Vancouverites who flocked to Salmon Arm the past weekend for the annual Roots and Blues Festival might have also noticed the stunning natural environment of the city – hard not to with Mount Ida framing the festival grounds with gorgeous mountain vistas!
Situated on the shores of idyllic Shuswap Lake, Salmon Arm is unique in its particularly close proximity to nature. Just a short ten minute walk from the downtown core leads you to hectares of rare wetland habitat. With its abundance of cycling and hiking trails, campsites, and fishing and boating options, Salmon Arm is the perfect get-away for those looking to escape from the city for a weekend.
The highlight of our trip was hiking the Foreshore Trail, which traces the wetland and mudflat habitats along the waterfront of the Shuswap Lake. The trail starts off nice and easy, crossing several concrete boardwalks erected directly through the marshes that provide direct views of the pristine lake and of Bastion Mountain across. Soon after, the trial winds through Salmon Arm’s nature sanctuary, leading you through towering marsh grasses and past a number of ponds where beaver sightings are a common occurrence. The trail also includes a way to access the man-made Christmas Island, which hosts an osprey nest in addition to other various bird habitats.
Bird-watchers will find this trail to be an absolute delight. Even as complete amateurs, we were impressed by the sheer number of casual sightings – we managed to spot several ospreys and a blue heron within the span of just ten minutes. Be sure to take advantage of the numerous detours along the route, which lead to various viewing platforms, nesting spots and towers. We went early in the morning and were treated to the sight of hundreds of ducks and Canada geese huddled together wing-to-wing at one of the nesting points by the marina.
Best of all? The trail started directly behind the Prestige Harbourfront Resort which we were staying at, allowing us to get going from the very instant we left the hotel.
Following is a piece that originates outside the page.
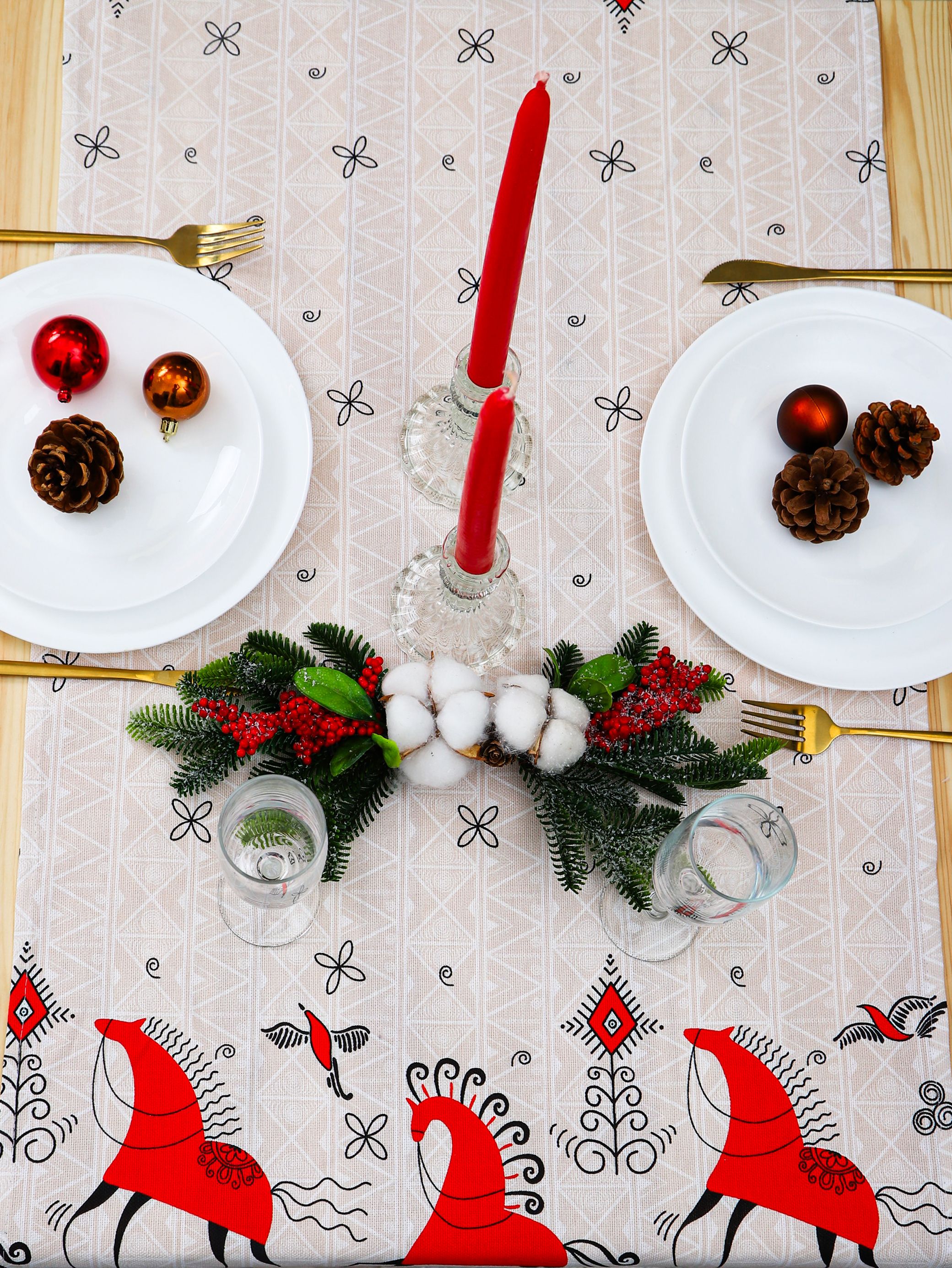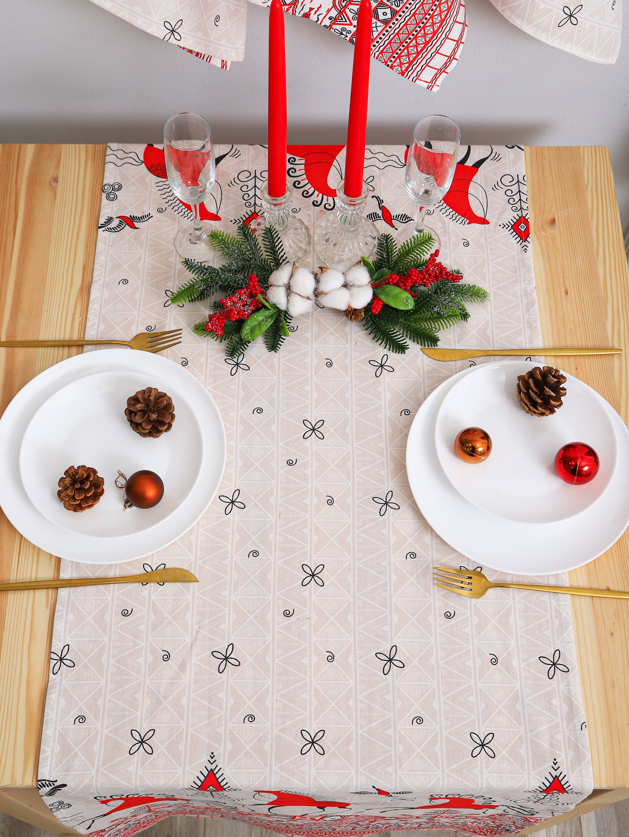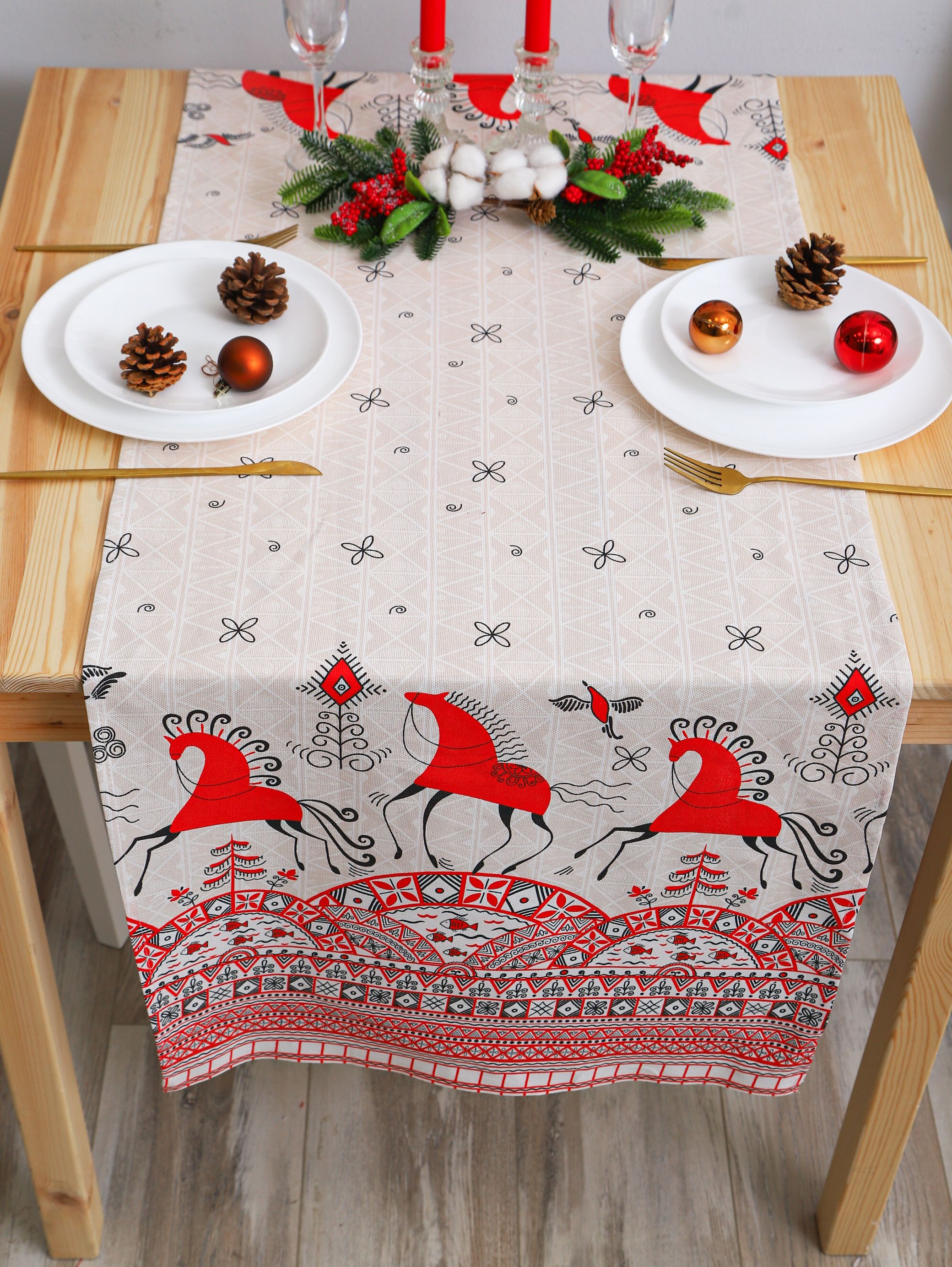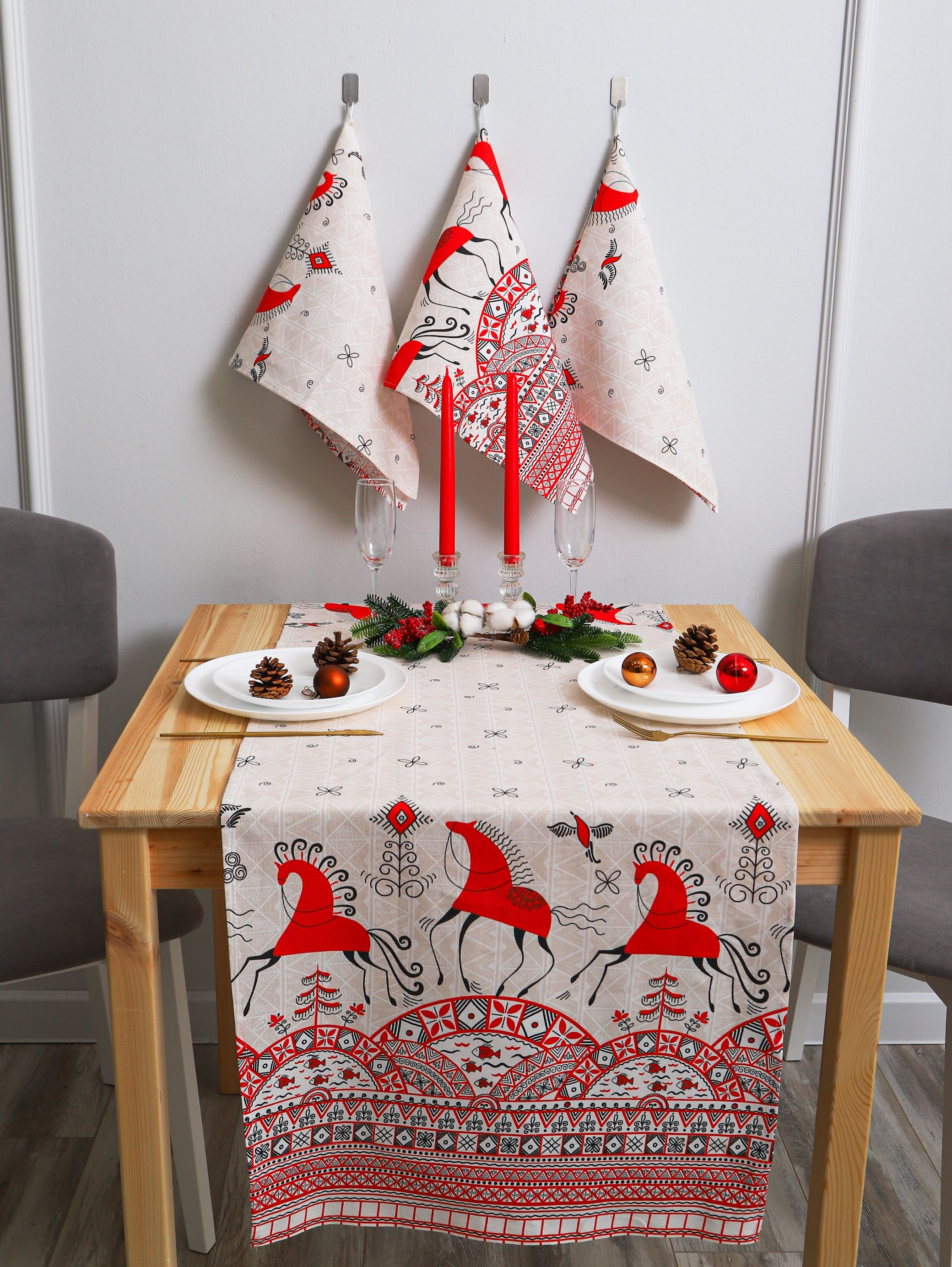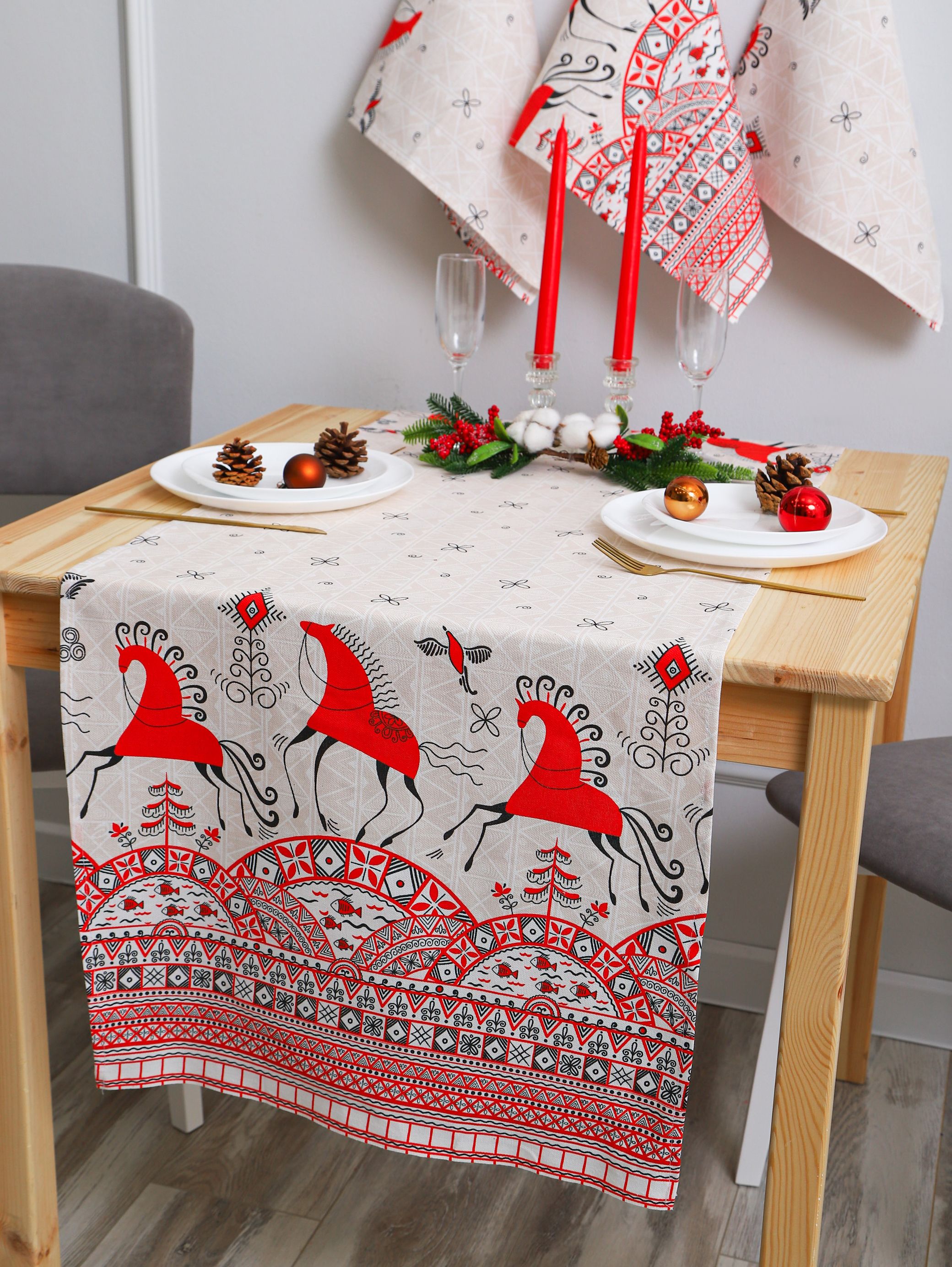 Рушник с ярким орнаментом красных коней и птиц (мезенская роспись) подходит для свадьбы под каравай, на венчание. Изображение красной лошади на рушнике – символ 2026 года.

Summers tend to be fairly cool in Salmon Arm reaching a high of about 26 degrees, making it a great way to beat the heat. [Editor’s Note: Margaret Reynolds and Jen Vandervoort, both long-time Salmon Arm residents, wrote in to tell us that summer temperatures can soar up to “mid to high 30’s” (Margaret) and even “40+ degrees celsius in the summer, -35 in the winter” (Jen). Thanks for the clarification.)
Otherwise, temperatures year-round remain fairly moderate, making the town a comfortable home base for winter activities in the chillier mountain regions in the winter. The town itself is a five hour drive away from Vancouver, an easy and scenic drive that winds through the Trans Canada Highway.